Yeah, I absolutely agree with this. I'm keen to avoid the newer players sitting and waiting for a combat, especially. I think that I'll do the cards and models method again, since that way I can move the cards around to demonstrate that, actually, Lady Roaringhorn has decided to speak to the wallflower PC whether he likes it or not.

Yeah, I mean, nobody is ever surprised when a monster approaches to attack, so why should they be when an NPC approaches to talk? In addition, if the players know that they get XP for killing the monster (and therefore generally welcome monsters to attack them) then they should also welcome the opportunity to flip NPCs to Friendly for the same reward.
 

Its absolutely crucial that the PCs have a goal of their own. They need a place to start and a reason to talk to the NPCs. To give an example, I once started a campaign at a high-brow party. This was a pulp game (using Fate instead of D&D) but the principle is the same. The event was a party held by the Nazis in Mexico City. Their goal was a little propaganda to demonstrate Nazi technical prowess, by unveiling a large rock boring machine "designed" for boring railroad tunnels. Each of the PCs started with a small piece of information that not was all that it seemed. One player had discovered that an archeologist/treasure hunter was in the employ of the Nazi. She went to party to find out what the Nazis were really up to. Another, was a spy trying to steal Nazi technology. Another, was trying to ascertain what sort of deal the Mexican government was making with the Germans (if any).

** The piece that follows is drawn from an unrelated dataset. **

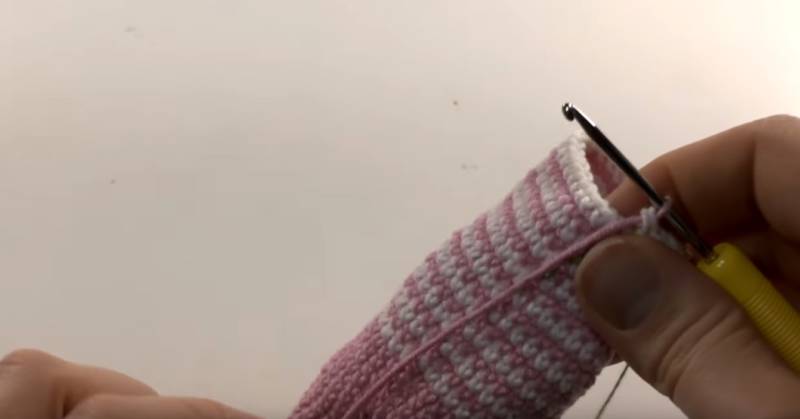 - От ред 2 нататък трябва да добавяте по 5 стъбла на всеки ред, включително на 9-ия. По време на плетенето на тази част трябва да имате 45 бримки.
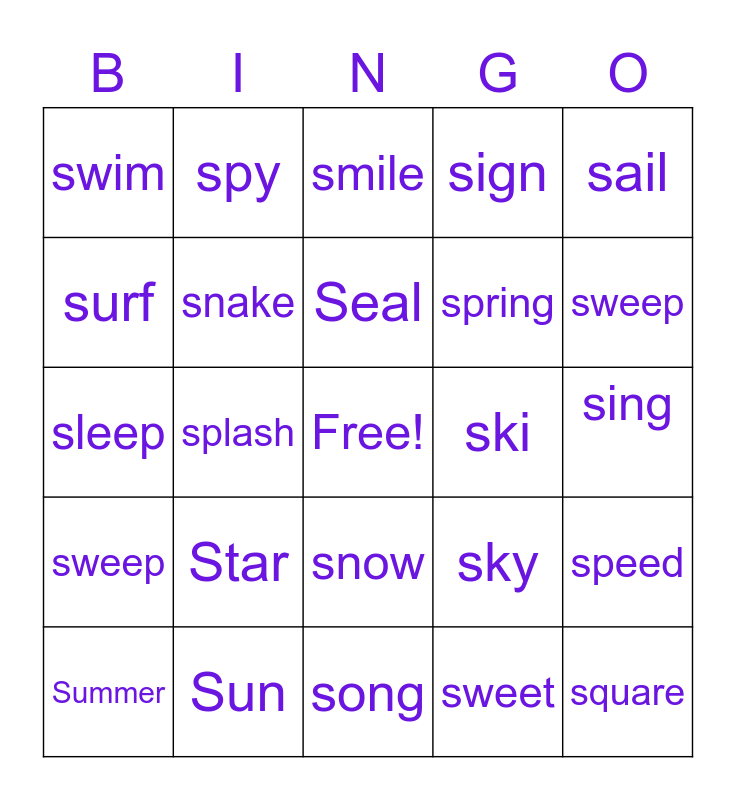 This bingo card has a free space and 24 words: Star, Sun, Seal, Summer, sail, swim, surf, spy, ski, snow, spring, sleep, sky, speed, snake, sweet, sing, smile, sweep, splash, square, sweep, sign and song.

Of course, the borer was actually a vehicle for traveling deep underground, a subterrene, leading eventually to a set of adventures ala "Journey to the Center of the Earth". The scene worked because each player had a reason to go speak with one or more NPCs. Further, each character brought their own particular skill set to the table. One tried to seduce a German engineer into giving a private ride on the subterrene (with the goal of stealing it of course). Another used his contacts with the local criminal element to create a distraction so he could steal documents unobserved. Another, got the archeologist drunk and guided the conversation towards interesting topics. I only used 3 three scripted events (welcoming speech by the lead German industrialist, the unveiling of the subterrene by the German engineering team, and tours through the subterrene as the party continued). I had a few others prepared, but the players were driving enough of the action that I didn't use them.
 

I recommend keeping rolls to a minimum and using them to corroborate what the players are saying and doing in character. In my experience if rolling is too front and center, players start relying too heavily on them rather than getting into the social and verbal interaction of the scene.
 

Last party like this my group went to involved a few weapon makers seeking a contract for making weapons for the city guard. It was one of the side quests going on that drew the PCs in. They ended up 'testing' the weapons in a sunken pit under the mansion while the lords and ladies looked on. They ended up using the normal weapons instead of their own and kept flipping the ones that rolled bad to the back of the room and getting more off the table.

After the encounter, they made a friend and enemy in the smiths that they said had good vs. poor weapons. They also had noble backers that got involved. There was also a performance by the bard that got an invite back to perform at a wedding later in the year.